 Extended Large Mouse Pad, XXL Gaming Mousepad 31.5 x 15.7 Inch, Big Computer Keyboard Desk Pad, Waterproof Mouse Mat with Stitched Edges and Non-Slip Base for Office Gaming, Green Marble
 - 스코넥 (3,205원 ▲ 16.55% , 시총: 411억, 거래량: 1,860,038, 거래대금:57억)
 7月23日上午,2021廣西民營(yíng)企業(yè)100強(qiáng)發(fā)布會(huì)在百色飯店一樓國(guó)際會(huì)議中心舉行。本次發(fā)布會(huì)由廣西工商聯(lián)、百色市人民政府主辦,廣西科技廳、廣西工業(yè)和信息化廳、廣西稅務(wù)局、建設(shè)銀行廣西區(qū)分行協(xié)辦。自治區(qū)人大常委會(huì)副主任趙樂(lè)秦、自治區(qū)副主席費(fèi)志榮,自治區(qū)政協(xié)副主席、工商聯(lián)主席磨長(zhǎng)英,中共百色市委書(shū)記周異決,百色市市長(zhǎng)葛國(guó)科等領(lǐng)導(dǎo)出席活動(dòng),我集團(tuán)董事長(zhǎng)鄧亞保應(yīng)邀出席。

- - -

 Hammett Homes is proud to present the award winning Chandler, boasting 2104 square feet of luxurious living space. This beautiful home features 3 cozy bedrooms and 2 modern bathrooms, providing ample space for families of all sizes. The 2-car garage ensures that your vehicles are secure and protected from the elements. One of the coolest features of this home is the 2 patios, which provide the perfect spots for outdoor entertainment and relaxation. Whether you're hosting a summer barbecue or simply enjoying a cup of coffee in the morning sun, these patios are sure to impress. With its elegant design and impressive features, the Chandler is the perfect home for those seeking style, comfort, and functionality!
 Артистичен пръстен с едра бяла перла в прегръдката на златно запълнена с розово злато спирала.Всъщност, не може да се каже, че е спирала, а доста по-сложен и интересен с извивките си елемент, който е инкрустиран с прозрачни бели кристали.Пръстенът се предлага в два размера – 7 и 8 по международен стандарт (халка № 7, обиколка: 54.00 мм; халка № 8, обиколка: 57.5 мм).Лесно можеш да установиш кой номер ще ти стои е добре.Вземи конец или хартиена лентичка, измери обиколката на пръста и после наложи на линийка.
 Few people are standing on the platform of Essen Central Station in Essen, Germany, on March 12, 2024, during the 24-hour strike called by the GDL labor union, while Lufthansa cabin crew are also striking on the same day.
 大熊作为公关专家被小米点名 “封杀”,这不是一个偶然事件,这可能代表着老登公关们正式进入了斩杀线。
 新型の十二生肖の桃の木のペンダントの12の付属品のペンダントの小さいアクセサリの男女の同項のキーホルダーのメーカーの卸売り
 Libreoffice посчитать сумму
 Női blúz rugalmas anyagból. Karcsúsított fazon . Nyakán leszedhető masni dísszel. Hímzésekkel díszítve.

- - -

TASK DIRECTIONS: Above are the records; copy exactly the lines from the line with "新型の十二生肖の桃の木のペン" through the line with "Női blúz rugalmas", both included.

EXERCISE RESPONSE:
 新型の十二生肖の桃の木のペンダントの12の付属品のペンダントの小さいアクセサリの男女の同項のキーホルダーのメーカーの卸売り
 Libreoffice посчитать сумму
 Női blúz rugalmas anyagból. Karcsúsított fazon . Nyakán leszedhető masni dísszel. Hímzésekkel díszítve.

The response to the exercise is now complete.